Wśród filmów poświęconych sztuce zwraca uwagę m.in. "Ai Weiwei i Turandot". To historia przygotowań do inscenizacji słynnej opery Pucciniego, które ostatecznie zostały przerwane przez pandemię. Słynny chiński artysta, wyklęty i prześladowany przez władze swojego kraju, debiutując w roli reżysera, zaproponował całkowicie odmienną od klasycznej interpretację "Turandota". Nigdy już nie dowiemy się, jak spektakl, przygotowywany w rzymskim Teatro dell’Opera, zostałby przyjęty przez krytykę i widzów, jednak film Maksima Derevianko utrwala pamięć o tej niezwykłej próbie inscenizacji.

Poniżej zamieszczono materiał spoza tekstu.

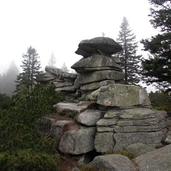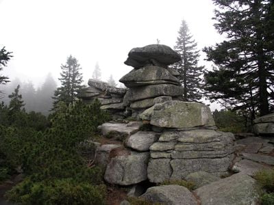 Trojmezná hora se eleva hasta los 1362 metros con formaciones graníticas y bosques dispersos de abetos en su cumbre.
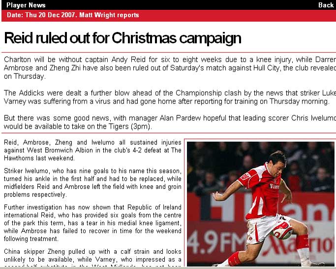 查爾頓目前雖然聯(lián)賽排名滑到第六,但是與榜首只有4分差距。對(duì)這支志在沖超的球隊(duì)來說,8名一線隊(duì)員因傷缺陣絕對(duì)是個(gè)壞消息。隊(duì)長里德膝蓋的傷勢(shì)不輕,至少需要休戰(zhàn)6-8周,查爾頓將面臨嚴(yán)峻的挑戰(zhàn)。

Na pewno wielka popularnością będzie się cieszyła "Prawdziwa historia Tamary Łempickiej: Sztuka przetrwania". To pierwszy pełnometrażowy dokument poświęcony urodzonej w Warszawie legendzie art déco. Dzisiaj, kiedy jej malarstwo przeżywa na świecie renesans i pozostaje inspiracją dla twórców z różnych dziedzin, Julie Rubio składa hołd artystce, która odważnie przekraczała granice stawiane kobietom w sztuce.